Monday, October 1, 2012

Wordy Old Men on Boardwalk Empire: Season Three, Episode Three "Bone for Tuna"

In "Bone for Tuna," Nucky returns to Atlantic City to be confronted with his conscience and the responsibilities that come along with being king. He attempts to come to an agreement with Gyp Rosetti. Nelson Van Alden struggles to adapt to his life in Cicero and gets caught in a raid. Mickey Doyle spouts off and says he killed Manny Horvitz, which gets around to Harrow. Mickey somehow still lives at the end of the episode. Things are heating up in New York with Joe Massaria making a move on Lucky Luciano and Meyer Lansky. Margaret gets her way at the hospital and a pre-natal unit will be put in. Gyp reneges on his agreement, hating being wished good luck.
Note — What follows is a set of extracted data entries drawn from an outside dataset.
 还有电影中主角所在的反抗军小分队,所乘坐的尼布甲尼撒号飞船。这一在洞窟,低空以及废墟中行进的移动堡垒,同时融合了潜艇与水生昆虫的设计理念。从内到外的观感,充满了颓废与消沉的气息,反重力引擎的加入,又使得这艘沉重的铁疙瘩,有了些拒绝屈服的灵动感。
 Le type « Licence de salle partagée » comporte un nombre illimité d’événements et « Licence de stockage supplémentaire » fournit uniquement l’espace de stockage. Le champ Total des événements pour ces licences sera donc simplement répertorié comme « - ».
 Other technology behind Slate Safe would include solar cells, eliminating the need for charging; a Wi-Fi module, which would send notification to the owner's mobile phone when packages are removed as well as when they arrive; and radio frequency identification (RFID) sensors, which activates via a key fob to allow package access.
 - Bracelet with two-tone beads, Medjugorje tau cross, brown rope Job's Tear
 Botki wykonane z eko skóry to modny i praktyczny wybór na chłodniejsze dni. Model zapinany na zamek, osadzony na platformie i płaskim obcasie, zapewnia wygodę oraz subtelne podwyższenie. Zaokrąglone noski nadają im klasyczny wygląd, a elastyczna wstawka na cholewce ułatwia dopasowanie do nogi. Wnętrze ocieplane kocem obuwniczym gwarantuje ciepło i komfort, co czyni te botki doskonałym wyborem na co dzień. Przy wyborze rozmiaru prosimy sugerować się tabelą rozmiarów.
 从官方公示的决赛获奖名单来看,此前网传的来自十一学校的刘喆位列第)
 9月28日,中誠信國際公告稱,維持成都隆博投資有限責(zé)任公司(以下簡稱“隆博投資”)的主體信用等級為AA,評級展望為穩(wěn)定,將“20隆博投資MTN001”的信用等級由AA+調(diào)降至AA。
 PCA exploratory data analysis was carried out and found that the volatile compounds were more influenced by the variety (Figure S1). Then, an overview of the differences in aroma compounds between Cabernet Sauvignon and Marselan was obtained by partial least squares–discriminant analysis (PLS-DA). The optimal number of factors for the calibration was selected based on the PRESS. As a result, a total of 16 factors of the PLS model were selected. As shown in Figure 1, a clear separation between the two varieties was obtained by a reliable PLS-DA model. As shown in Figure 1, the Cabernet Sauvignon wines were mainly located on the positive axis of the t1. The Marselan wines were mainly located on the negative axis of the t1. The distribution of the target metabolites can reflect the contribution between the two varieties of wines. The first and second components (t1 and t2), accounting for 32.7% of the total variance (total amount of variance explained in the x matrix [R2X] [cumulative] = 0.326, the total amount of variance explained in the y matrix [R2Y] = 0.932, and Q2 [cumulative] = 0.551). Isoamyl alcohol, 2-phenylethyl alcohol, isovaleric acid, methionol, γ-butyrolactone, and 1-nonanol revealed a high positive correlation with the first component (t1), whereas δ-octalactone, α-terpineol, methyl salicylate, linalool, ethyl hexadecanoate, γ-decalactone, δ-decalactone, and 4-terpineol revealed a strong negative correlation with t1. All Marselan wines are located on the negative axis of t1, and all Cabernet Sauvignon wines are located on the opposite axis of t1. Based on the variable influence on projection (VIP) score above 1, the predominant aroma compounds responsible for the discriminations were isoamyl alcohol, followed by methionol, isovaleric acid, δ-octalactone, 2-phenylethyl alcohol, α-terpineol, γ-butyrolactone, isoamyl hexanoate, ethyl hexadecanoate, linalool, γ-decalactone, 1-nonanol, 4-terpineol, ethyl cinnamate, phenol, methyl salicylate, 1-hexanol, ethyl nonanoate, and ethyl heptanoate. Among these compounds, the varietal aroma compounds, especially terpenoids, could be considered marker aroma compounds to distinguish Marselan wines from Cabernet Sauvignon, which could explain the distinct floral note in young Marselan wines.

Old Man Duggan: Two episodes in the can and we're finally getting down to the internal (and to a degree external) emotional strife Nucky is experiencing that comes with the territory of having ascended to the throne. Terence Winter and scribe Chris Haddock waste little time in getting down to brass tacks. Haunted in his dreams at having to kill the boy he raised like a son. Haunted in his homelife at the consequences of having taken a queen. Haunted in business by trying to keep his kingdom in order. Those actions he took were not without their consequences. Is it good to be king?

Wrong.
Wordy Ginters: Mel Brooks was wrong? This casts History of the World: Part I in an entirely different light. Nucky has one foot on a nervous breakdown, and the other foot on a roller skate. The gnawing realization that his empire building has brought him riches, but no one to share it with, may get to him more than his guilt for killing Jimmy.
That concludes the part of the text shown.